Für Privatanwender ist die Benutzung von Twitter anders abzuwägen als für eine große Firma. Sicherlich müssen niemandem, der den Dienst nicht nutzt, Nachteile entstehen. Dennoch kann er - genug Leute, denen der Nutzer followed, vorausgesetzt - viele Vorteile bringen. Zu nennen sind der direkte Kontakt mit Firmen, Experten, Politikern etc, der sonst nicht auf solch einfache Weise zustande gekommen wäre. Twitter kann bei Problemen und Fragestellungen hilfreich sein: Sucht man ein bestimmtes Programm, kann man eine Frage danach twittern und auf Antworten aus der Gefolgschaft hoffen. Dies ist bei entsprechend großem Netzwerk nicht unwahrscheinlich und kann sehr schnell funktionieren. Ähnlich RSS-Feeds bekommen Nutzer Nachrichten direkt über Twitter auf den Bildschirm; sei es von twitternden Nachrichtenseiten wie Spiegel Online oder von Privatleuten. Schließlich wird ein Nutzer durch Twitter außerdem auf interessante Dinge aufmerksam gemacht und kann Zusatzapplikationen nutzen, um Twitter zu verschiedenerlei Dingen zu nutzen. Dennoch muss an dieser Stelle gesagt werden, dass Twitter gleichzeitig ein großer “Timewaster” sein kann: Irrelevante und unnütze Informationen müssen vom Nutzer selbst gefiltert werden; ein großes Freundenetzwerk führt zu ständig hereinkommenden Updates, die ablenken und Zeit kosten können. So ist immer zwischen Nutzen und Zeitverschwendung abzuwägen. Daran wird sich auch im Jahr 2009 nichts ändern. Die angesprochene Nachrichtenübermittlung jedoch wird eine größere Rolle spielen, auch im umgekehrten Sinn: Ein bei einem Ereignis anwesender Twitternutzer kann mit seinem mobilen Endgerät ein Bild erstellen und direkt samt Text twittern - in einer Geschwindigkeit, in der ein Journalist noch nicht einmal am Ort des Geschehens gelangen kann. So kann Twitter für den partizipativen Journalismus genutzt werden, den Bowman und Willis (2003, S. 9) als “act of a citizen, or group of citizens, playing an active role in the process of collecting, reporting, analyzing and disseminating news and information” bezeichnen und die durch die direkte und unabhängige Berichterstattung die Demokratie stärken könne.

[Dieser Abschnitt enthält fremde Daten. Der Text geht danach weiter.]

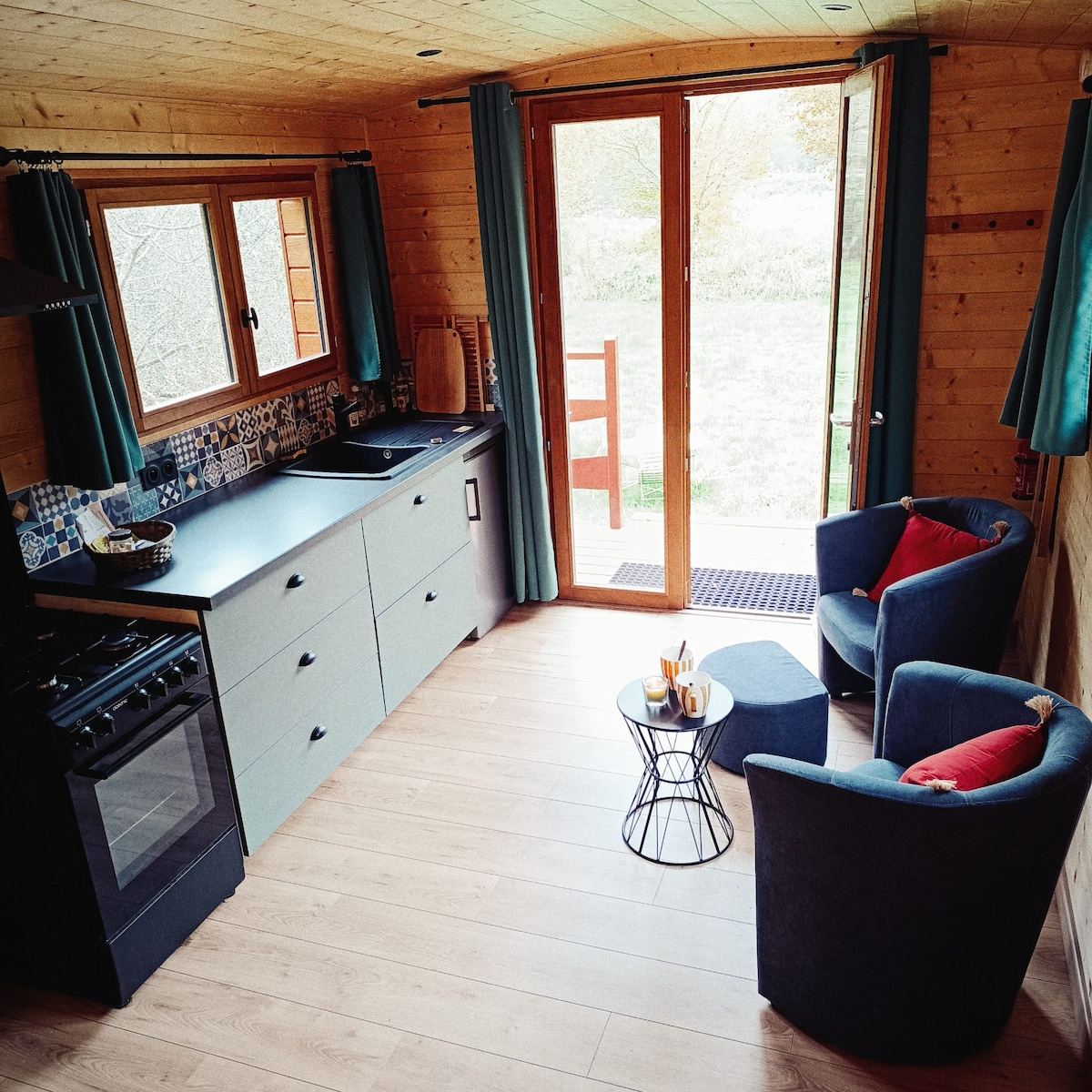 Caravana de los setenta renovada en un estilo romántico en más de 500 M2 para su uso exclusivo para mayor privacidad. En la terraza de madera un jacuzzi de agua deliciosamente perfumado. Un espacio brasero con todo lo necesario para una velada chamallow fundida bajo las estrellas. Sanitarios en el espíritu de la cabaña inusual en la ubicación. Por la mañana, se sirve un abundante desayuno en la terraza. Agua sin gas/con gas/refrescos en el minibar para calmar la sed.

Weitere Nutzer von Twitter sind die Ersteller von Applikationen, die die Twittereigene API nutzen. Diesen sollte folgender Auszug einer e-mail von Twitter an einen solchen App-Anbieter zu denken geben:

“Starting later this week we’ll be limiting those on the whitelist to 20,000 requests per hour. Yes, you read that right: twenty THOUSAND requests per hour. According to our logs, this accounts for all but the very largest consumers of our API. This is essentially a preventative measure to ensure that no one API client, even a whitelisted account or IP, can consume an inordinate amount of our resoures.”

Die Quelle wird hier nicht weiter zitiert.